Хотя даже с головой опознать её практически не возможно. Слишком сильные повреждения. Ваша странная активность, опят же.

– А что же тут странного? Я просто хотел помочь.

– Вот это и странно. Вы же ей чужой человек. Я промолчал. Откуда он может знать о том, кем для меня внезапно стала Ева.

– И чего же тогда выпускаете?

– Нет против вас улик, – спокойно ответил следователь. – Тем более алиби у вас есть.

– Это как это?

– Ну, вы прямо как будто сторону своего обвинения заняли. Всё просто. Камеры видеонаблюдения и свидетельские показания.

Документация. В офисе вашей компании много камер. Мы буквально по минутам смогли отследить все ваши перемещения. Тоже самое в ночном клубе в пятницу, когда девушка пропала. Данные из службы такси, которая вас доставила. Видеокамеры в вашем доме. Данные из службы скорой медицинской помощи и больницы. Опять камеры в вашем доме и офисе. У вас не было времени чтобы похитить и убить девочку. И… Следователь замялся.

– У вас оказались неожиданно сильные покровители.

– С работы, – удивился я.

– Нет. Боюсь, там для вас, наоборот, камень за пазухой держали и зубы точили. С вашего позволения я не буду углубляться. «Вот сволочи!» – подумал я. – «Это кто же меня так подставить на работе?».

– В вашем деле слишком много «но». Я хотел бы сам услышать от вас по возможности полный и честный рассказ о событиях. Ваша странная клиническая смерит и кома, после которых, вы, как ни в чём не бывало, сбегаете домой. И самое главное о том, как вы нашли труп.

Поверьте, вы этим очень поможете следствию.

– Если буду говорить одну лишь правду, то всё равно не поверите.

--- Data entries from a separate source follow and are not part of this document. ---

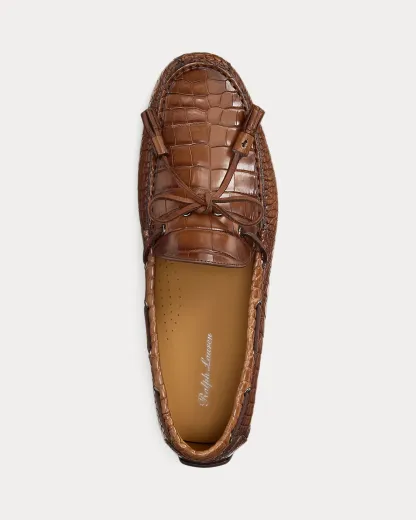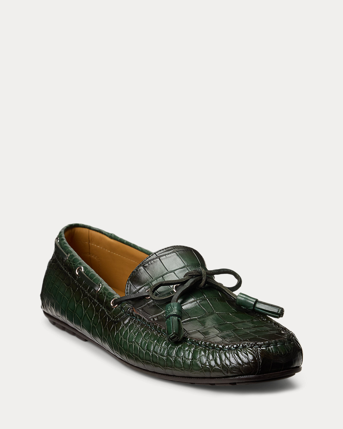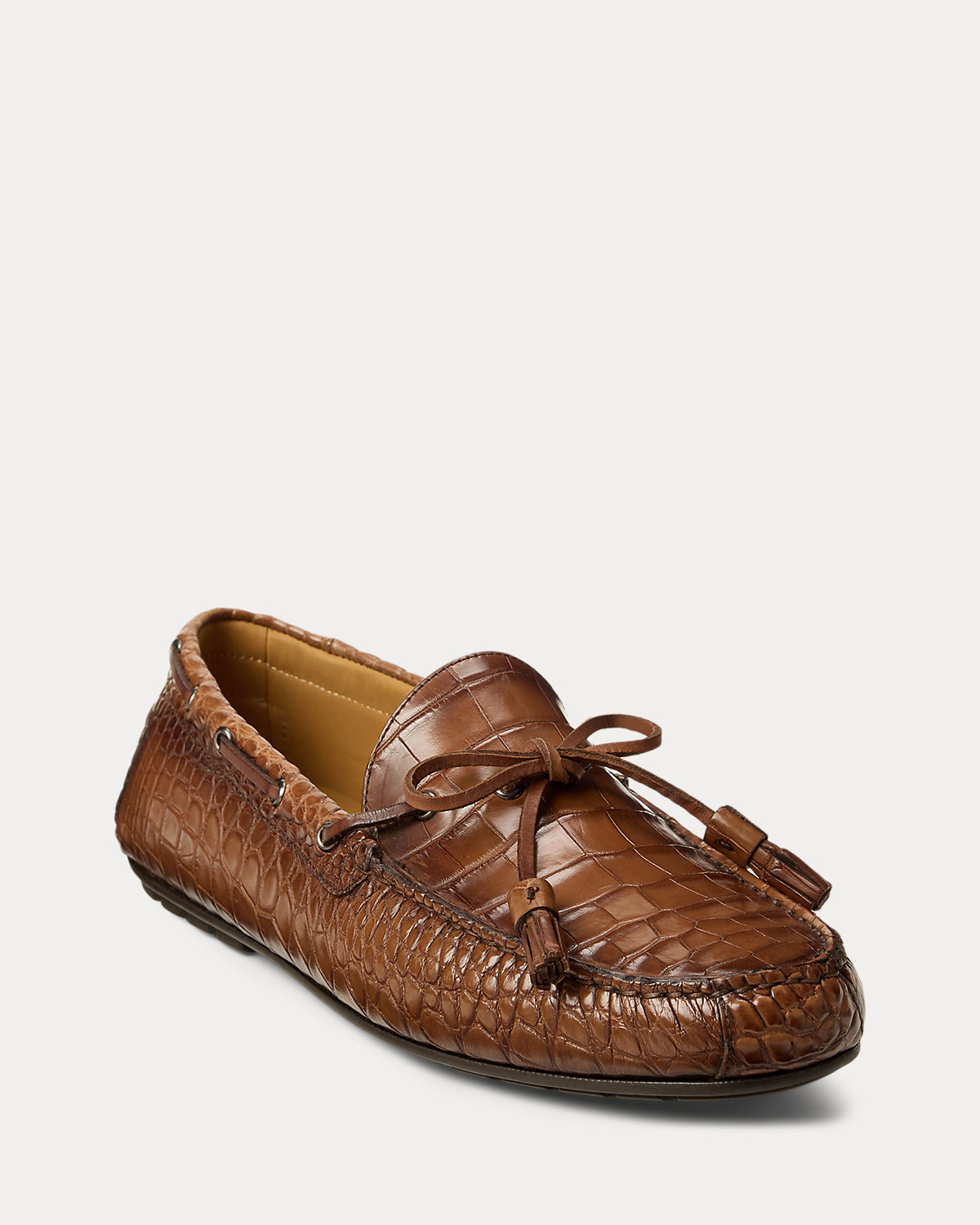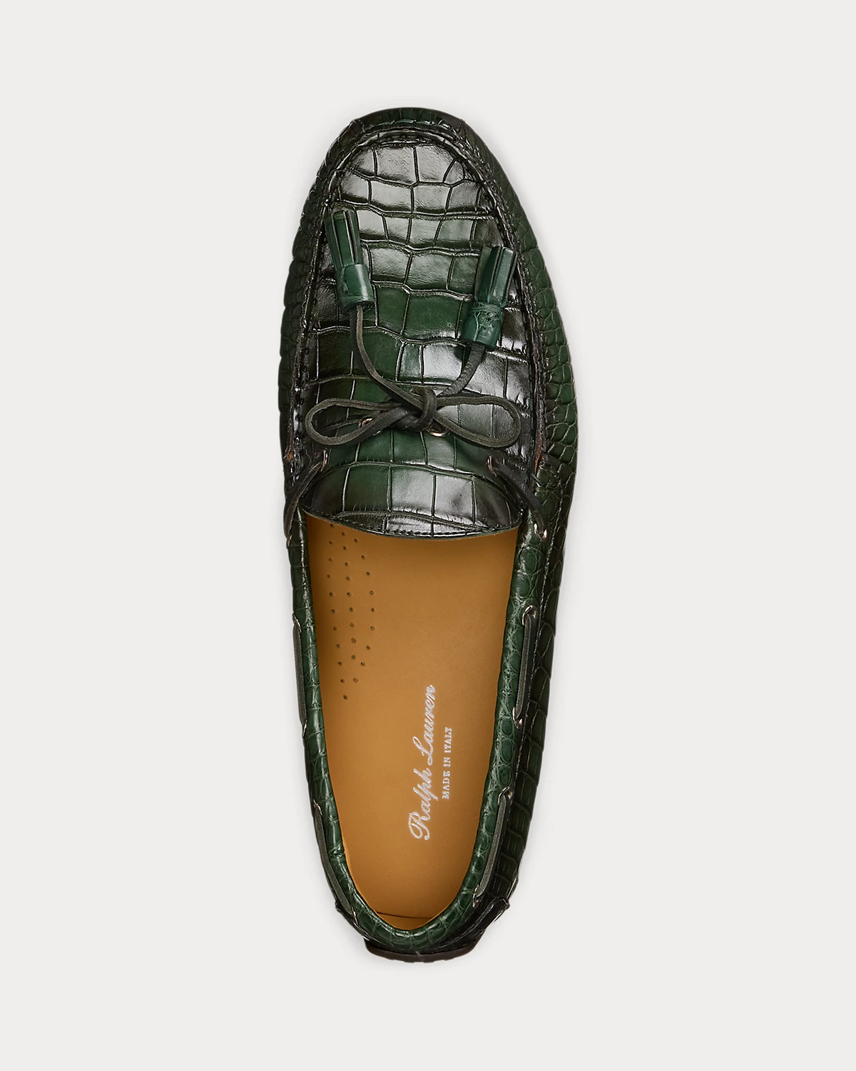 Crafted with genuine alligator and detailed with boat shoe–inspired calfskin lacing, the Harold driver is a refined casual classic. Its rubber outsole features an automotive pattern inspired by race car tire treads that provides superior traction.
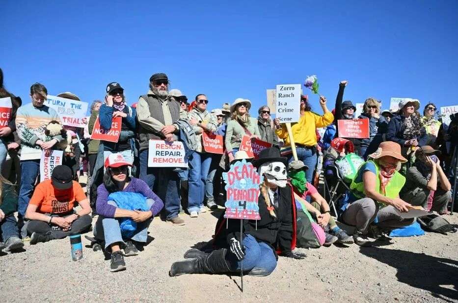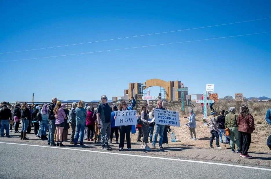 他们举着“佐罗牧场是一处犯罪现场”、“现在需要公正”的标语,声援爱泼斯坦案的受害者。
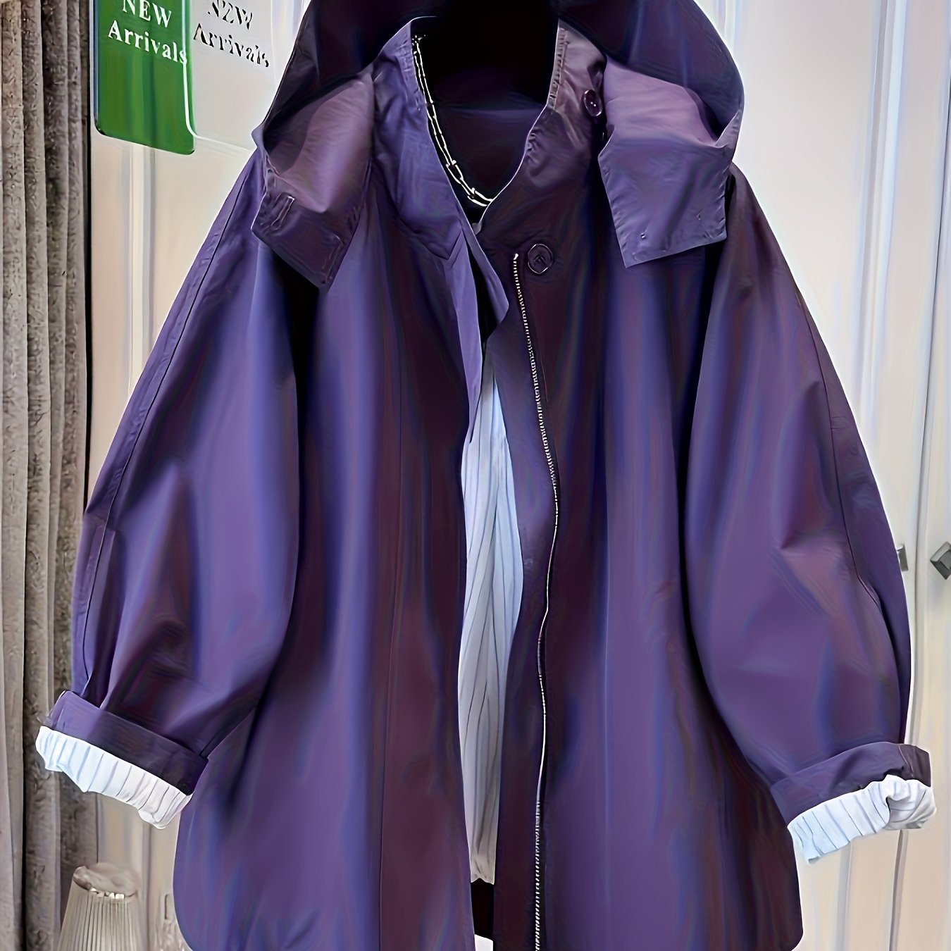TEMU 여름/가을용 여성용 미디 기장 후드 트렌치 코트, 다용도, 루즈핏, 캐주얼하고 스타일리시한 재킷
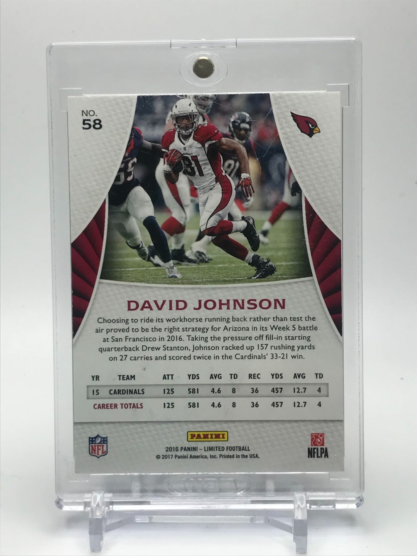 2016 PANINI #58 DAVID JOHNSON 07/49 AUTOGRAPHED
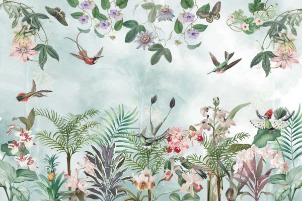 Een levendig tropisch tafereel met kleurrijke bloemen, weelderige bladeren en exotische vogels zoals kolibries. Vlinders fladderen subtiel tussen de passievruchtbloemen, waardoor een sfeer van rust en avontuur ontstaat. De zachte aquarelachtergrond voegt diepte toe, terwijl de gedetailleerde flora en fauna het ontwerp verfijnd en elegant maken.
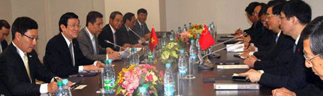 - “Chủ tịch nước Trương Tấn Sang và Tổng Bí thư, Chủ tịch nước Hồ Cẩm Đào cho rằng trong t́nh h́nh hiện nay, việc không ngừng tăng cường sự tin cậy về chính trị, làm sâu sắc hơn nữa quan hệ đối tác hợp tác chiến lược toàn diện Việt nam – Trung quốc có ư nghĩa hết sức quan trọng”.
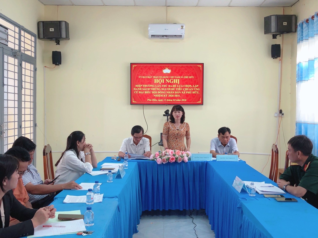 Bà Lâm Thị Ngọc Giàu, UVBTV Đảng ủy, Chủ tịch UBMTTQVN xã Phú Hữu chia sẻ, cùng với tuyên truyền, quy trình hiệp thương, giới thiệu người ứng cử đại biểu HĐND xã được Ban Thường trực UBMTTQVN xã thực hiện nghiêm túc, dân chủ, đúng quy định. Các bước hiệp thương được tổ chức công khai, minh bạch, bảo đảm cơ cấu, thành phần, số lượng hợp lý; chú trọng tỷ lệ nữ, người trẻ, đại diện các lĩnh vực. Việc lấy ý kiến cử tri nơi cư trú, nơi công tác đối với người được giới thiệu ứng cử được tiến hành chặt chẽ, phát huy vai trò giám sát của Nhân dân, góp phần lựa chọn những người tiêu biểu, xứng đáng.
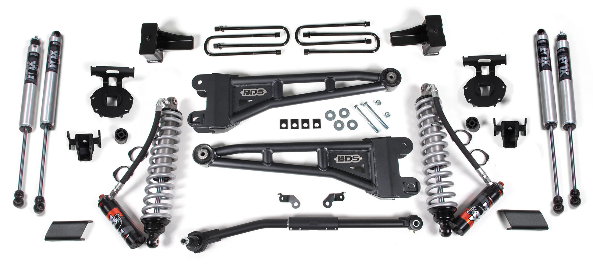 THIS 2.5-INCH RADIUS ARM LIFT KIT WITH FOX 2.5 PERFORMANCE ELITE COIL-OVER SHOCKS FOR FORD F250 AND F350 SUPER DUTY DIESEL POWERED TRUCK FROM BDS SUSPENSION SETS A NEW STANDARD BY ENHANCING THE TRUCKS STANCE, PERFORMANCE, AND CAPABILITY. THE KIT PROVIDES ALL THE NECESSARY COMPONENTS TO ENABLE YOUR TRUCK TO ACCOMMODATE UP TO 35" TIRES WHILE IMPROVING ITS PERFORMANCE.
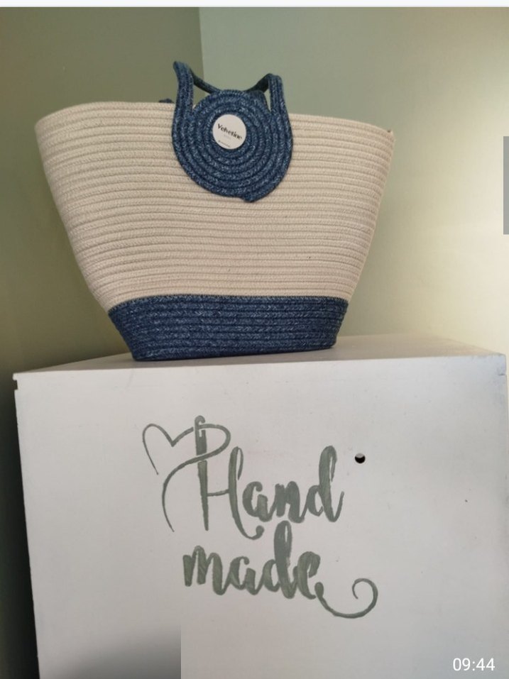 Sentetik kumaştan yapılmış, mavi ve gri tonlarda örgü detaylı kadın plaj çantası. Minimalist ve bohem tarzıyla trend günlük kullanıma uygun.
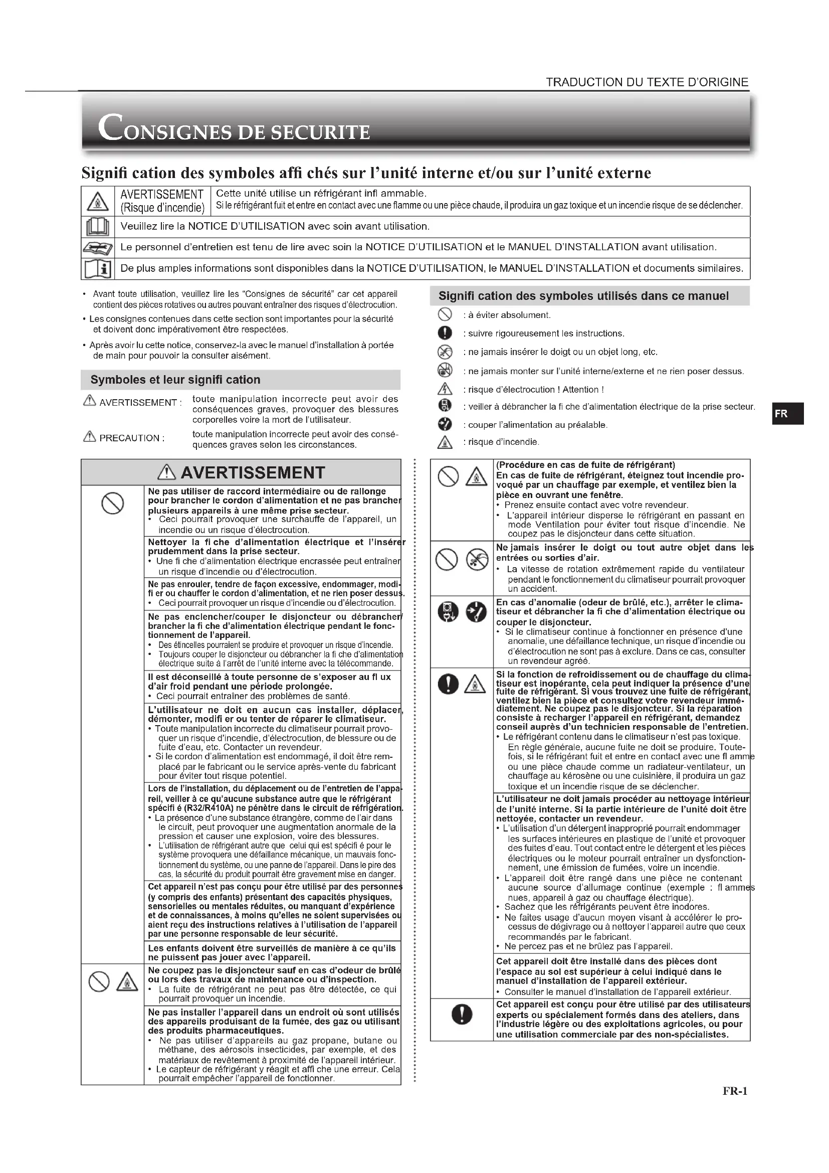 | A | AVERTISSEMENT (Risque d'incendie) | Cette unité utilise un réfrigerant infil ammable. Si le réfrigerant fuit et entre en contact avec une flamme ou une piece chaude, il produit un gaz toxique et un incendie risque de se déclenger. |
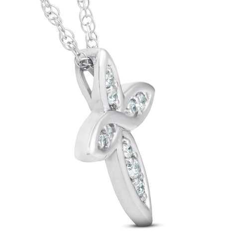 1/10 Ct Diamond Cross 14k White Gold 5/8" Tall
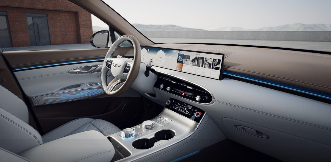 내부 디장니은 변화 폭이 큽니다. 실내 센터페시아 모니터가 계기판과 이어진 통합형 디스플레이가 적용됩니다. 27인치의 대화면으로 최근 출시 차들의 유행을 그대로 탑재하였습니다.
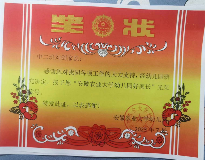 安徽农业大学幼儿园好家长—中二班刘瑾瑜爸爸刘剑
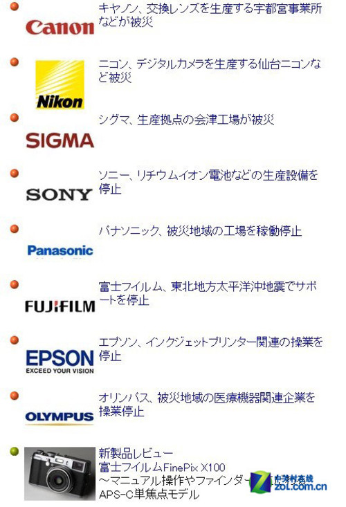 行业资讯由于受到日本东北部3.11大地震的影响,日本地区采取限电管理,多家数码相机厂商已经陷入关闭停产状态。佳能、尼康、索尼、松下、富士、奥林巴斯、适马等相机生产厂家都受到了不同程度的影响,使数码相机的生产以及运输都处于暂停状态。经目前掌握的情况,本文总结了部分相机厂家在此次地震中受到的一些受损情况:
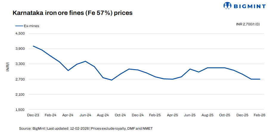 Domestic iron ore prices in Karnataka’s Bellary region continued to hold firm w-o-w as of 12 February, underpinned by steady procurement, active market participation, and constrained availability. Low-grade fines (Fe 57%) remained unchanged, with BigMint’s weekly index assessed at INR 2,700/t ($30/t) ex-mines, excluding taxes. Similarly, Fe 62% fines stayed stable at INR 5,100/t ($56/t) ex-mines, reflecting the market’s strong resistance to any downward correction despite evolving downstream dynamics.

– Ещё раз повторю: в этом деле слишком много странного. Но ваше странное, оно страннее всего остального. Рассказывайте. Я немного посмаковал радостную новость об освобождении. По-моему, это усталый майор ничуть не лукавил. Оставалось ему только поверить.

Я рассказал ему подробно всё, что было происходило со мной за эти две с половиной сумасшедшие недели. Он внимательно слушал, задавал наводящие вопросы, уточнял. Я ему рассказал всё, включая историю со старым беспризорным псом. Единственное что я утаил, так это мои фантазии или навязчивые ведения, посещавшие меня во время, когда я занимался сексом. Не знаю, сколько времени прошло, но когда я закончил. Следователь прежде всего заинтересовался тем, что меня били оперативники. Он еще несколько раз уточнил детали, а потом спросил:

– Вы заявление на них писать будете?

– Буду. Только, если можно, то я сейчас домой пойду. А заявление позже напишу.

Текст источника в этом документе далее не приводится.